### WHAT TO PRODUCE
Each line of the material must be reproduced exactly; pictures stay out.

### MATERIAL PROVIDED
::::

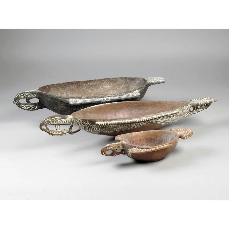 A Kilenge carved wood oval bird bowl, Papua New Guinea, with fish and lime, 57.5cm long, a Tami carved wood bird bowl, with lime and fish supports, 61cm long and a Kilenge small carved wood bird bowl, 30cm long. (3)
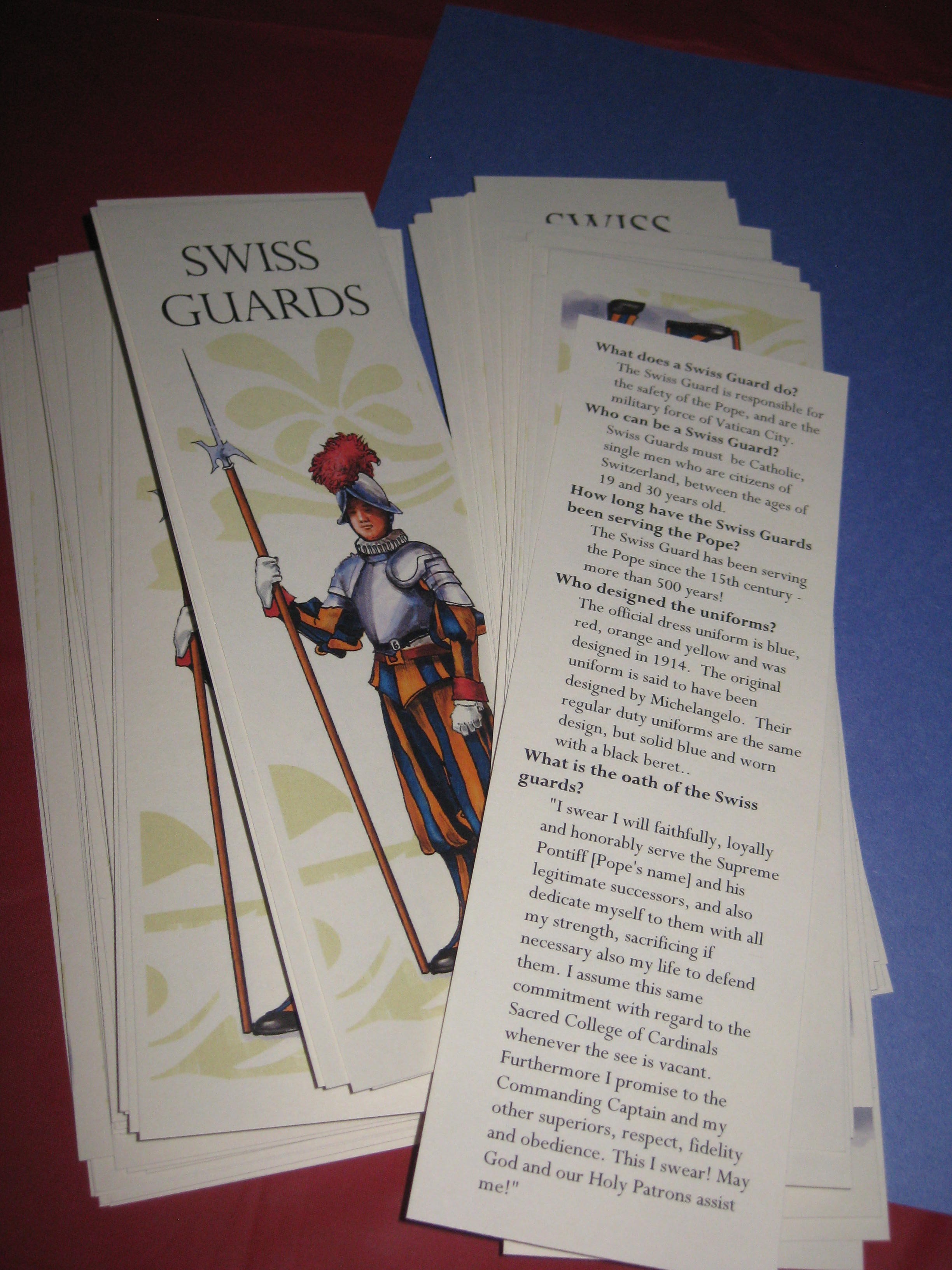 He’s wearing a Swiss Guard uniform – you can learn more about them on the Vatican website or on the bookmark kids picked up this month.
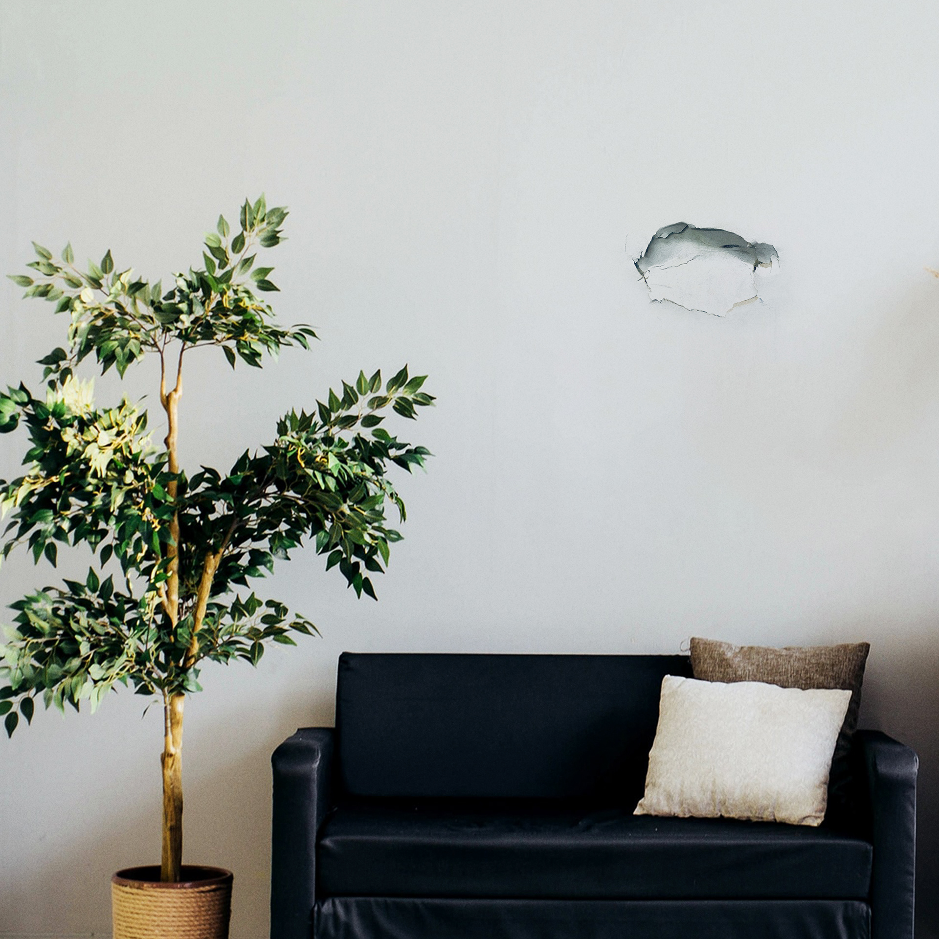 画鋲などを使用せずに貼ることができる吸着ターポリン素材であるため、絆創膏のようにペタッと貼ることができる。根本的な解決にはならないが、ユーモアをもって壁の傷などを隠すことができる。

::::

### ANSWER FOR THE TASK
 A Kilenge carved wood oval bird bowl, Papua New Guinea, with fish and lime, 57.5cm long, a Tami carved wood bird bowl, with lime and fish supports, 61cm long and a Kilenge small carved wood bird bowl, 30cm long. (3)
 He’s wearing a Swiss Guard uniform – you can learn more about them on the Vatican website or on the bookmark kids picked up this month.
 画鋲などを使用せずに貼ることができる吸着ターポリン素材であるため、絆創膏のようにペタッと貼ることができる。根本的な解決にはならないが、ユーモアをもって壁の傷などを隠すことができる。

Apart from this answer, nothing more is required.